■ Try it: Take the lines below between the one holding "- ⏺️⏺️- Двухслойная" and the one holding "今日は9月生まれの友達の誕生", inclusive, and copy them exactly. Add nothing.

Extracted information: Begin

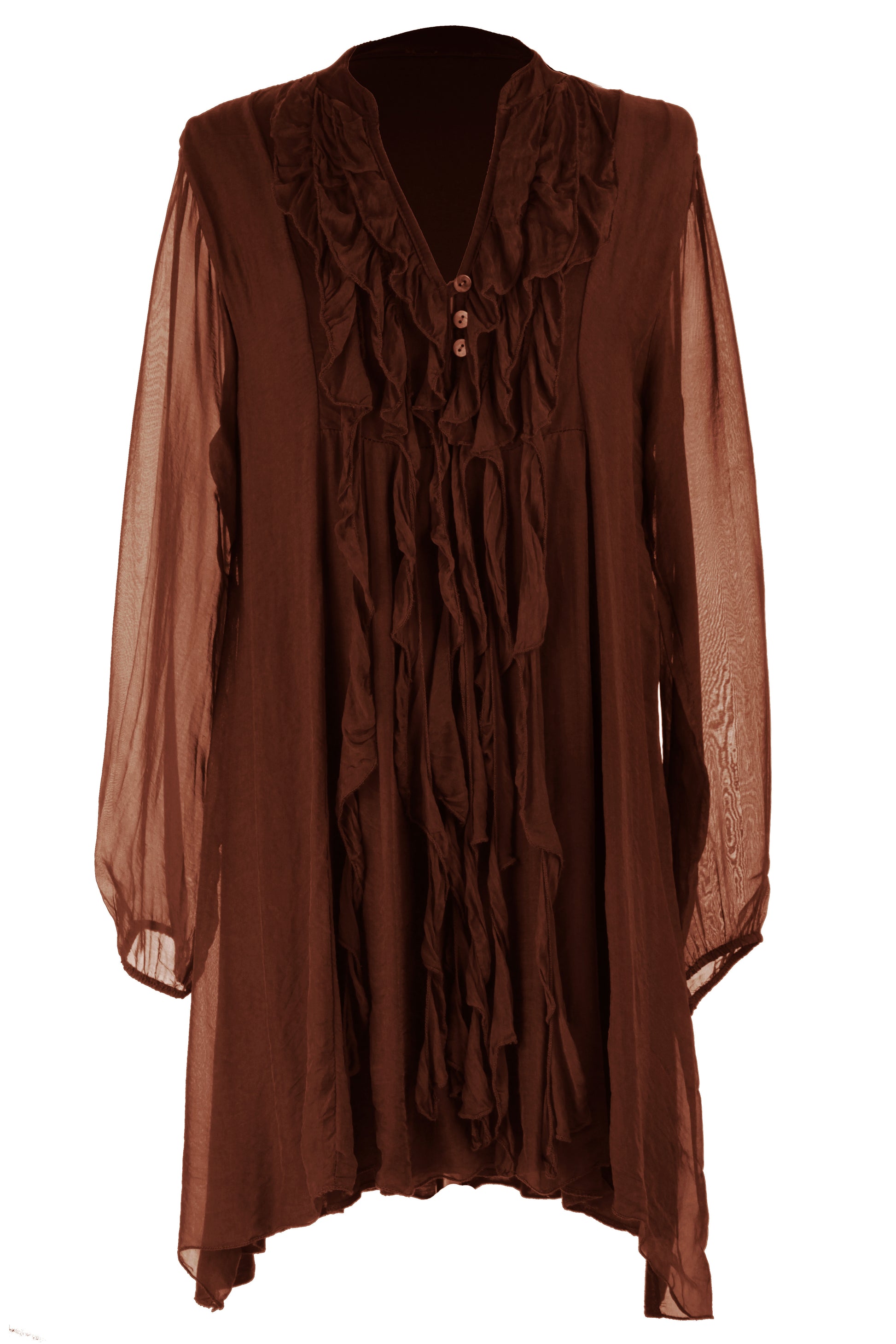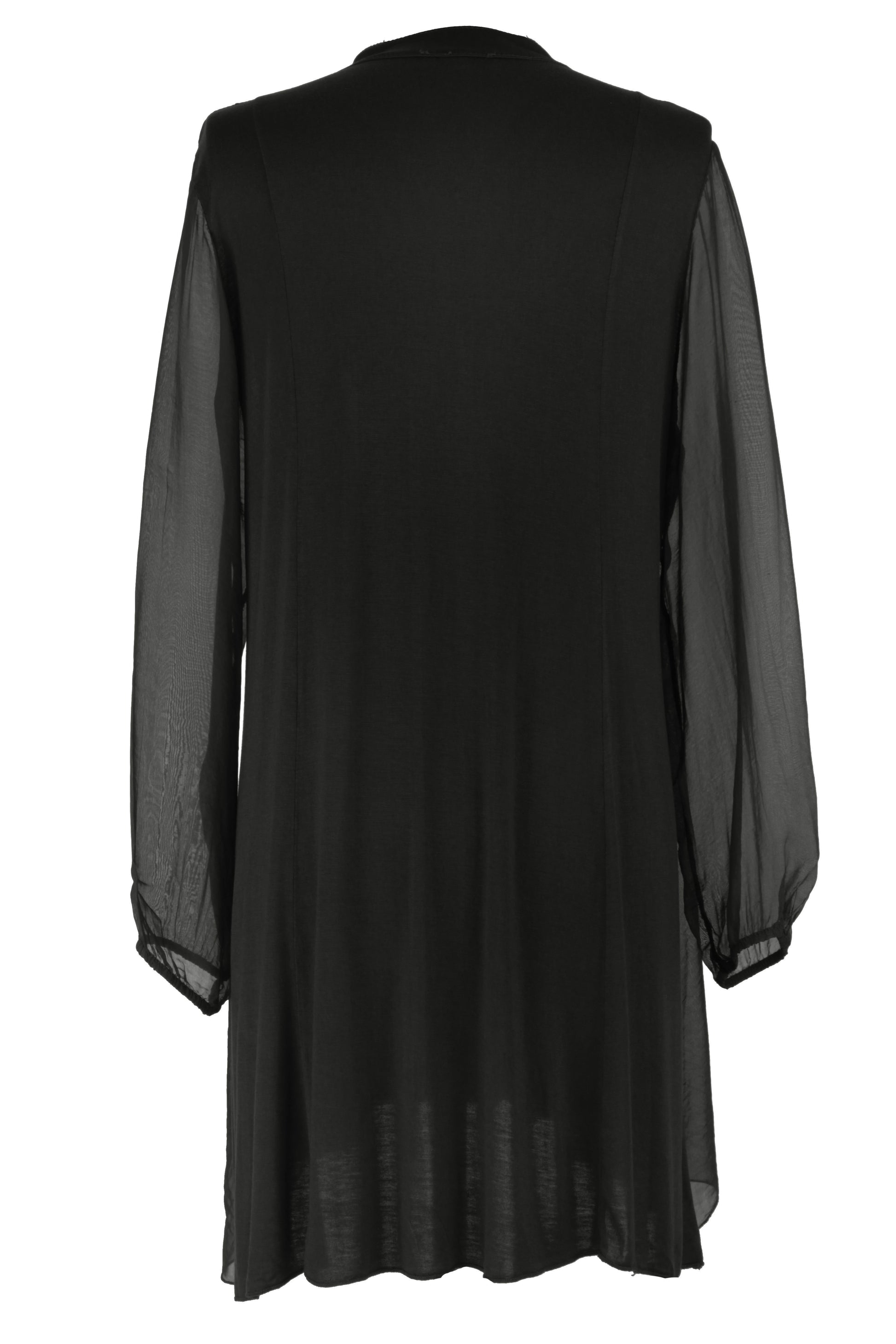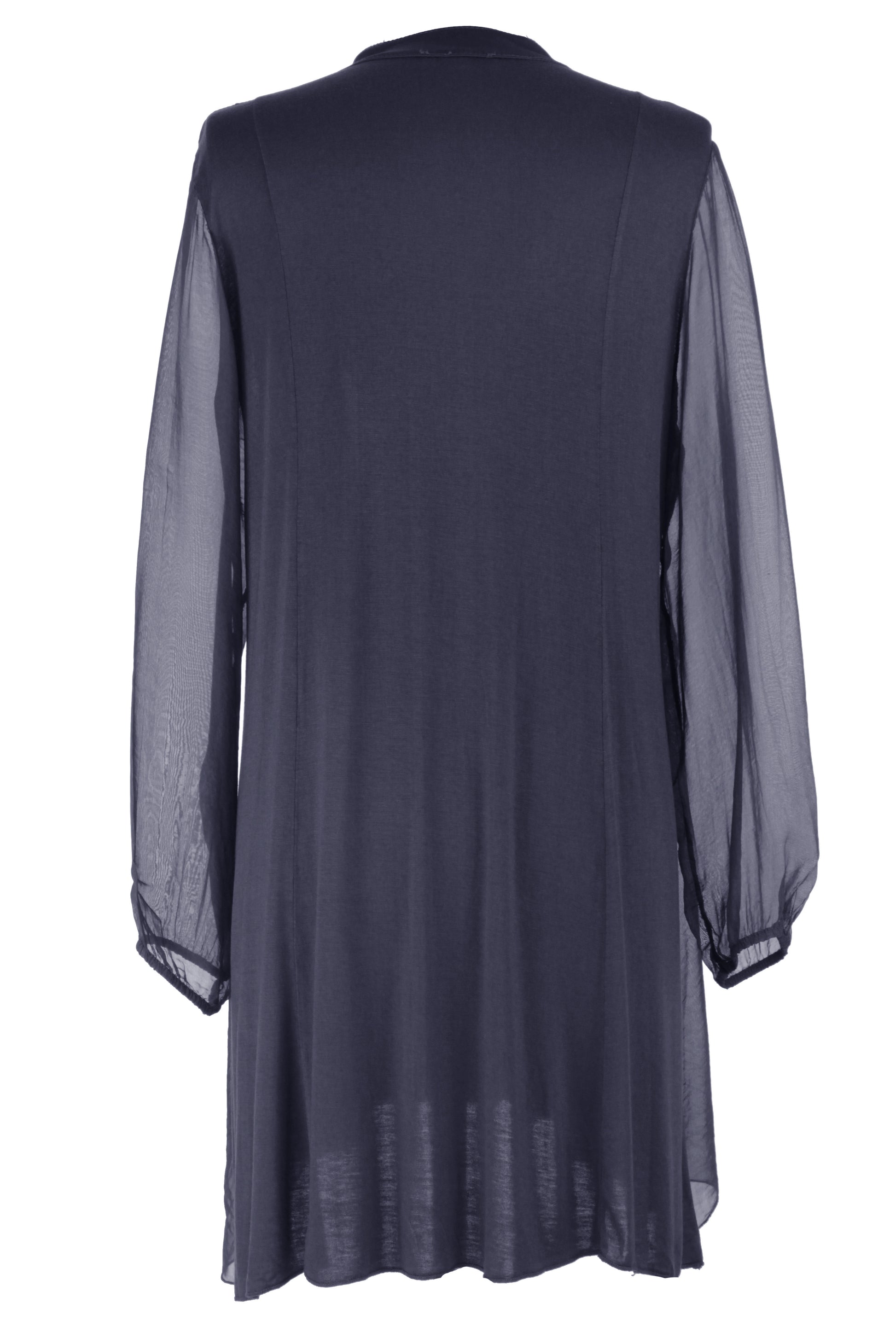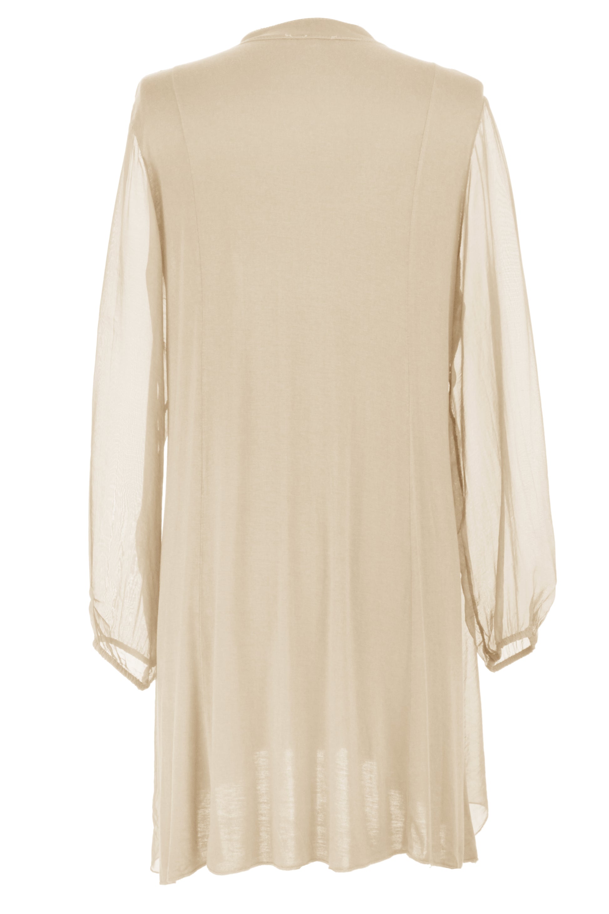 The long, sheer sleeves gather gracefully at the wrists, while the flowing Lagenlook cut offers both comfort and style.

Extracted information: End
Extracted information: Begin

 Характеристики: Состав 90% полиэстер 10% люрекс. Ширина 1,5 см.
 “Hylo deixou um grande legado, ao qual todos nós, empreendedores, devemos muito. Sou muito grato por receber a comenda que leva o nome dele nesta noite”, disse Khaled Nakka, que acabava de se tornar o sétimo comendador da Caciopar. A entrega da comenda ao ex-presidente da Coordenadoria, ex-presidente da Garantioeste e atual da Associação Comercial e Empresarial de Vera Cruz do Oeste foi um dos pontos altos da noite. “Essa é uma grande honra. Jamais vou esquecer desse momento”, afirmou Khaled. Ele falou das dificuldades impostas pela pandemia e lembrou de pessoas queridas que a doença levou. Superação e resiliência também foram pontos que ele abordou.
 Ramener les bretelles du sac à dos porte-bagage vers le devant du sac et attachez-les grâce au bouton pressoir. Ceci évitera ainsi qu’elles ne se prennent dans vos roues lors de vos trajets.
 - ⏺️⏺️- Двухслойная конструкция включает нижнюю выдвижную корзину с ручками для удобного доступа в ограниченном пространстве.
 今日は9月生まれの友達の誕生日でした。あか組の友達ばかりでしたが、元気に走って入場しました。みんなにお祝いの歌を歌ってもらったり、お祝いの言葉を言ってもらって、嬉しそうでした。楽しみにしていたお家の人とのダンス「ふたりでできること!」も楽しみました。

Extracted information: End

■ Solution to this task:
 - ⏺️⏺️- Двухслойная конструкция включает нижнюю выдвижную корзину с ручками для удобного доступа в ограниченном пространстве.
 今日は9月生まれの友達の誕生日でした。あか組の友達ばかりでしたが、元気に走って入場しました。みんなにお祝いの歌を歌ってもらったり、お祝いの言葉を言ってもらって、嬉しそうでした。楽しみにしていたお家の人とのダンス「ふたりでできること!」も楽しみました。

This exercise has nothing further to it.